If you've ever watched Question Time in Parliament, chances are you've heard the Opposition ask the Prime Minister, "Does she stand by all her statements?"
Almost invariably, the answer is "yes".
The real question is then posed in a series of follow-ups. It's a tactic designed to test the minister, to find out whether they are across their entire portfolio - in the Prime Minister's case, across all portfolios.
Question Time is an opportunity for the Opposition to ask the Government a series of questions. Democratically speaking, it's an important way for the Opposition to hold the Government to account. Fast-paced and peppered with political humour, for most observers, it's the most entertaining proceeding in the House.
Questions are sent out at 10:30am each day so ministers can prepare their answers in time for Question Time at 2pm.
National's Chief Whip, Jami-Lee Ross, paints a picture of ministers clambering around the questions like students waiting to find out whether they got a part in the school play.
"Everyone's attention turned to, 'Do I have a question? 'Do I have a question?'" he told Newshub.
"They knew if they have a question, that could involve a couple of hours of preparation ahead of them for the rest of the morning. They knew that when they have a question, they were in the spotlight... They put a lot of preparation into that."

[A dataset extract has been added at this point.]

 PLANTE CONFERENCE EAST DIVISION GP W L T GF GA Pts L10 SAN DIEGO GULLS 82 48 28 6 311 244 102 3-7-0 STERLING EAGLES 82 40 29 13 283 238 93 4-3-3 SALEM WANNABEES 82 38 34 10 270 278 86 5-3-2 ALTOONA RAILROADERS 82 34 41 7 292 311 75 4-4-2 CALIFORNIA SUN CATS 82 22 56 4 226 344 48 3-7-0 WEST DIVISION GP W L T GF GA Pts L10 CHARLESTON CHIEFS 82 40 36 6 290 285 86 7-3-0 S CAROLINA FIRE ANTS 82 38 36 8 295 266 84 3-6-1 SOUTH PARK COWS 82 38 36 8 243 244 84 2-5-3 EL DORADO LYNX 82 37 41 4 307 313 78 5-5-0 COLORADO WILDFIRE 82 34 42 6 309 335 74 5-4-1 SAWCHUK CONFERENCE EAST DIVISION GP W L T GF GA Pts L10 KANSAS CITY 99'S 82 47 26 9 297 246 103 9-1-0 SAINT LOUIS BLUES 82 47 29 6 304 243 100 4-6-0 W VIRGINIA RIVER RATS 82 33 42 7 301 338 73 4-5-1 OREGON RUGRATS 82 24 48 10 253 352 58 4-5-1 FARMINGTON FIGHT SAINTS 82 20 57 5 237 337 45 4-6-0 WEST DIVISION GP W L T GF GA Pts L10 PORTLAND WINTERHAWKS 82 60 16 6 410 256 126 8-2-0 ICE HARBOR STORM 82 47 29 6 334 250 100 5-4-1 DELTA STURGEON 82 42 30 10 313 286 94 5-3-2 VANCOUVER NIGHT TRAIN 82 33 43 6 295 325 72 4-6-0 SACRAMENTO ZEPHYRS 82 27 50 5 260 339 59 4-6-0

So, why all the "stand by all their statements" questions?
Variations on "does she stand by all her statements" were asked three times during Question Time on Tuesday. But it's not just a National thing; Labour regularly used the same question on National when it was in Government.

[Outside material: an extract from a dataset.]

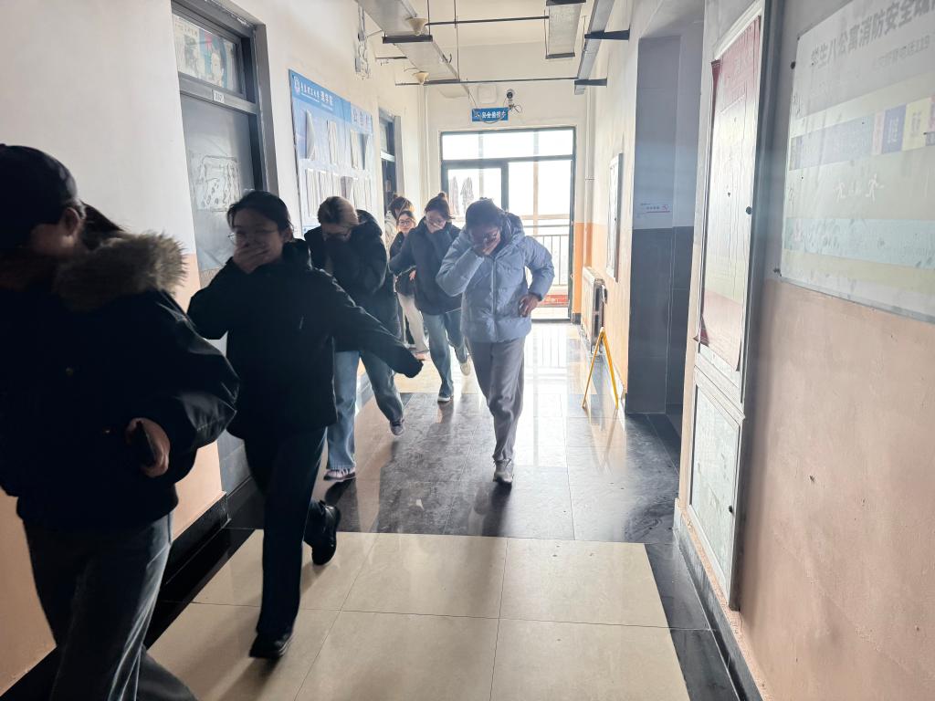 15时,消防警报响起,演练正式开始。工作人员在一楼释放烟雾弹,模拟真实火场环境。楼管人员迅速打开逃生通道,确保通道畅通。各楼层引导老师即刻就位,指挥学生有序撤离。各楼层学生同时行动,严格按照要求排成两路纵队,沿楼梯两侧低头弯腰撤离。大家用湿毛巾捂住口鼻,一手扶墙或扶手,前后保持安全距离,慢跑前行。整个撤离过程快速有序,全体学生在数分钟内安全集结完毕,各楼层清点人数并逐级上报,无一人遗漏。

Mr Ross says it's a political tactic and the real questions come in the follow-up supplementary questions.
"It means the Prime Minister has to be across everything happening in her Government, rather than just briefing one particular set of circumstances. Also so the Prime Minister is tested across her broad set of responsibilities," he said.
The drawback of this tactic is the minister - or the Prime Minister - might not be able to give a very detailed answer.
By asking a specific question then you can expect more detailed answers.
"We have to weigh up whether we want to test the minister broadly on their portfolio, in which case we get broader answers that are less detailed or test the minister really in depth on something very specific," Mr Ross said.
He says Question Time is about publicly testing whether ministers are up to the job.
"We've seen over many years that ministers who are unable to withstand the pressure of Question Time - are unable to withstand that scrutiny and testing - can often end in a situation where their job as minister becomes difficult for them."